━━━━━ Records to process ━━━━━

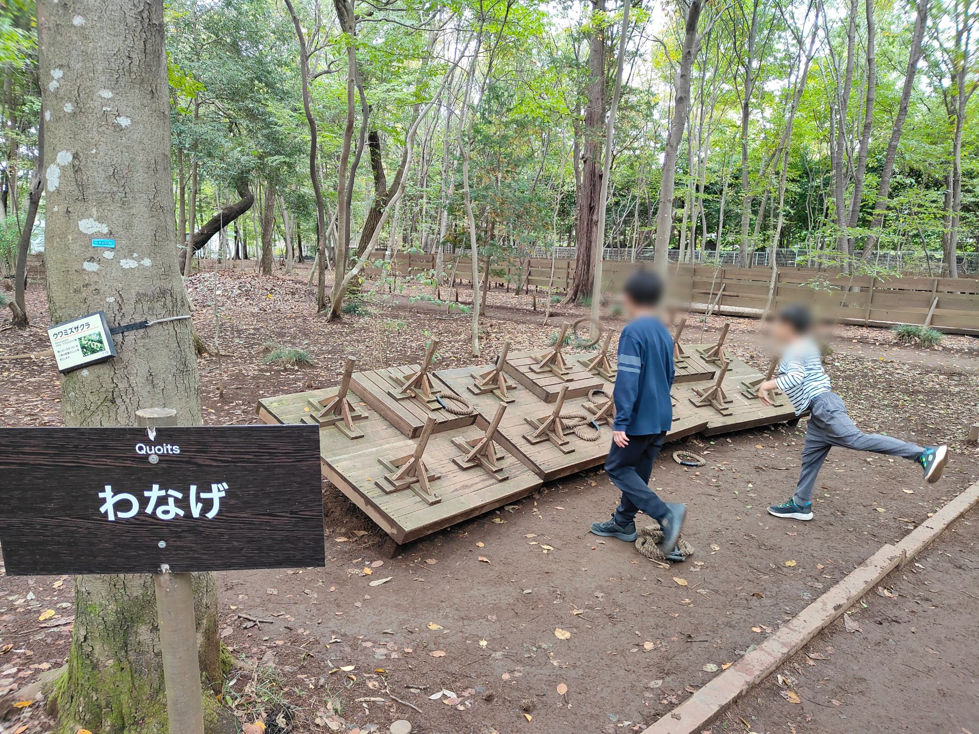 ・木漏れ日の中を歩きながら、わなげやベンチでのんびり
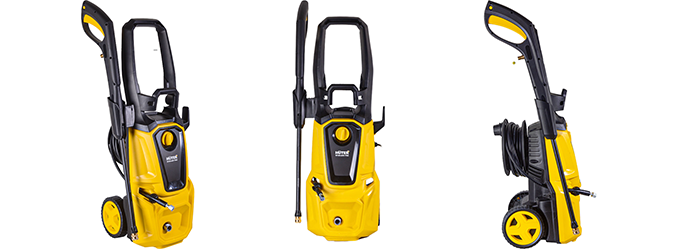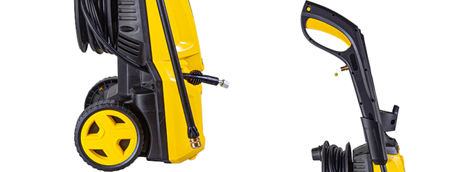 Продуманная конструкция с широкой рукояткой и колесами облегчает перемещение мойки по рабочей зоне, а длинный 8-метровый шланг высокого давления дает свободу движений. После работы шланг можно компактно свернуть и закрепить на корпусе с помощью барабана.
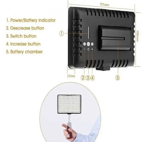 LED Video Licht: 3200K / 5500K doppelte Farbtemperatur mit orangefarbenen und klaren Filtern; stabile Farbtemperatur auch bei langen Stunden, Vervollständigen Sie einfach qualitativ hochwertige Fotografie-Produkte; Die Helligkeit der LED-Kamera kann von 10% bis 100% eingestellt werden, Helligkeit von jedem LED-Kamera-Licht-Panel kann bis zu 950LM, um die höhere Foto-Nachfrage zu erfüllen; Lange Lebensdauer bis zu 50.000 Stunden; Eine Akkulaufzeit beträgt ca. 90 Minuten.
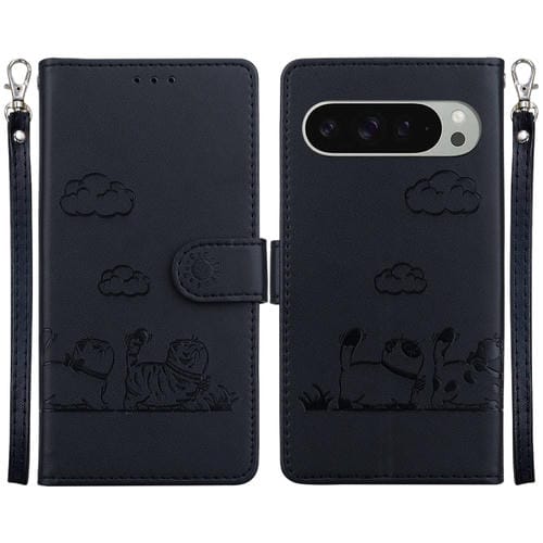 Funda de Cuero Rfid para Google Pixel 9 y 9 Pro con Diseño de Gatos (Negra)
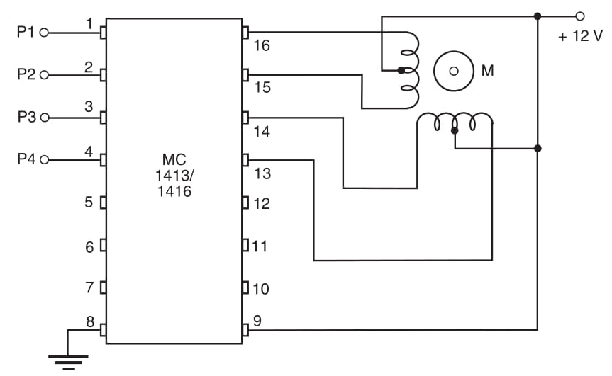 Os CIs MC1413 e MC1416, da Motorola, são equivalentes ao ULC2003 e podem ser usados para acionar motores de passo como mostrado na Figura 1. O MC1413 possui um circuito equivalente para cada estágio, como mostrado na Figura 8.20a, e o MC1416 tem o configuração mostrada na Figura 8.20b.
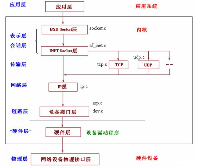 网络协议层(Network protocols):对应 IP layer 和 Transport layer。毫无疑问,这是整个内核网络协议栈的核心。这一层主要实现了各种网络协议,最主要的当然是 IP,ICMP,ARP,RARP,TCP,UDP 等。
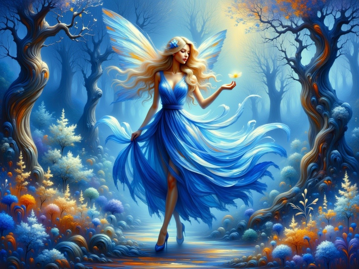 A beautiful fairy in a flowing blue gown dances through an enchanted forest. With delicate wings and a glowing moon, she brings magic to the vibrant flowers surrounding her.
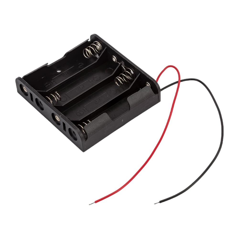 Батарейный отсек ROBITON BH4xAA с проводом - пластиковый контейнер, предназначенный для установки элементов питания в корпусы электроприборов. Подходит для последовательного соединения четырех элементов питания размера АА/HR06. Снабжен контактными выводами. Упаковка: пакет
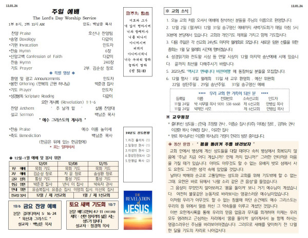 12/01/24 교회 주보 페이지 정보 작성자 아름다운동산교회 댓글 0건 조회 1,823회 작성일 24-11-30 09:07 목록 본문 12/01/24 이전글12/08/24 교회 주보 24.12.07 다음글11/24/24 교회 주보 24.11.23 댓글 0 댓글목록 등록된 댓글이 없습니다. 목록
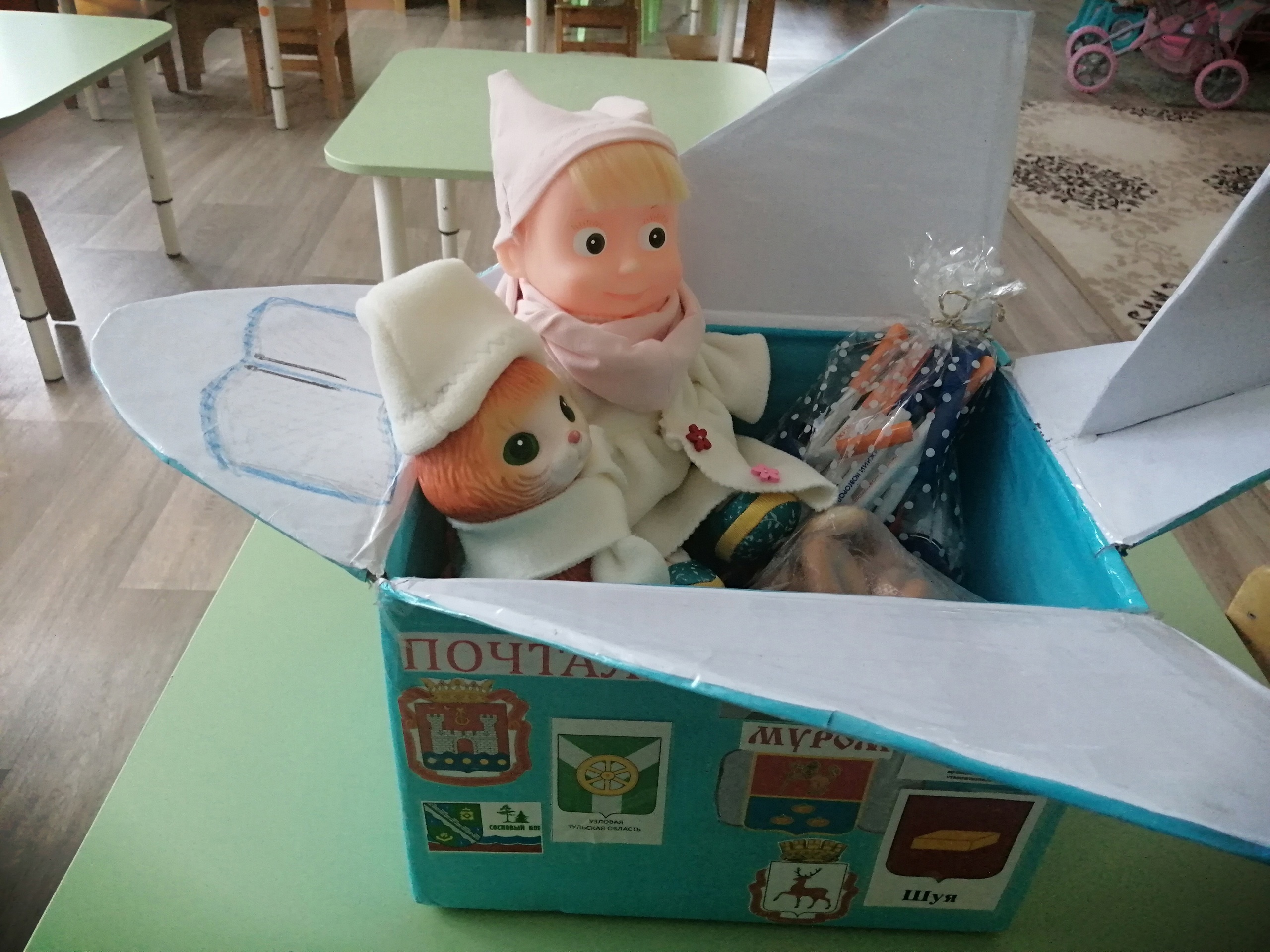 Кукла Маша и кот Янтарик путешествуют на «Почталете» по детским садам в различных российских регионах. Игрушки уже побывали в 35 городах и селах от Калининграда до Владивостока. Дети встречают их на почте и ведут знакомиться со своим городом, с особенностями культуры. А еще ребята узнают о других городах России, наблюдая за путешествием игрушек: педагоги вместе с детьми снимают видеоролики и делятся ими в соцсетях.
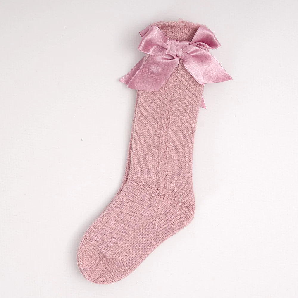 Calzini misto lana, realizzati con fiocco in Raso, disponibile in tredici varianti di colore, Senape, Verde Scuro, Verde Acqua, Maquillaje, Rosa Nude, Mattone, Bordeaux, Rosso, Grigio Chiaro, Grigio Scuro, Grigio, Blu, Rosa Chiaro.
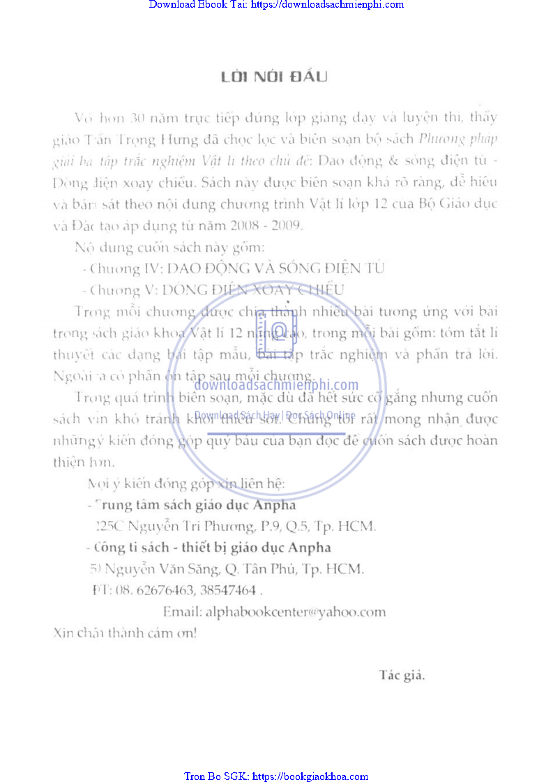 Kiến Thức Cơ Bản Và Hướng Dẫn Giải Bài Tập Vật Lý 12 – Mai Trọng Ý
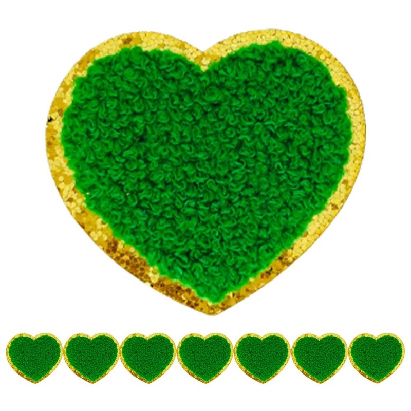8 PCS 2.2 inch Chrome Heart Patches,Self Adhesive Chenille Patches for Clothing, Stick on Embroidered Patches for Bags,Iron on Patches for Hats, Patches for Backpacks, Patches for Jeans (Green)
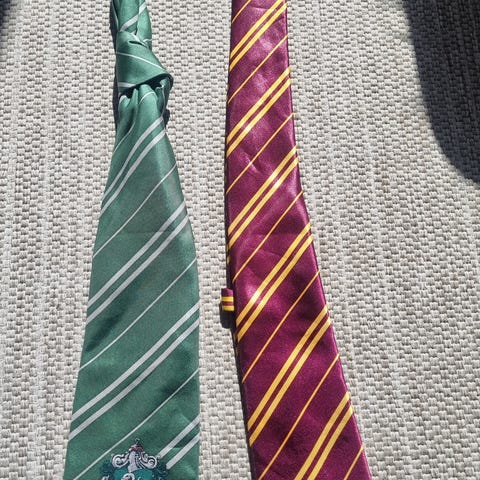 Harry Potter Slytherin kappe med halstørklæde og hue. Sættet består af en sort kappe med grøn foring og Slytherin-emblem på brystet, et strikket grønt halstørklæde med grå striber og Slytherin-logo samt en matchende grøn strikhue med grå striber og Slytherin-mærke. Velegnet som udklædning eller temabeklædning for fans af Harry Potter-universet.

━━━━━

→ Exercise instructions:
Pictures are to be left out while the lines from the beginning of the records through the line with "Продуманная конструкция с" are copied word for word.

→ Exercise solution:
 ・木漏れ日の中を歩きながら、わなげやベンチでのんびり
 Продуманная конструкция с широкой рукояткой и колесами облегчает перемещение мойки по рабочей зоне, а длинный 8-метровый шланг высокого давления дает свободу движений. После работы шланг можно компактно свернуть и закрепить на корпусе с помощью барабана.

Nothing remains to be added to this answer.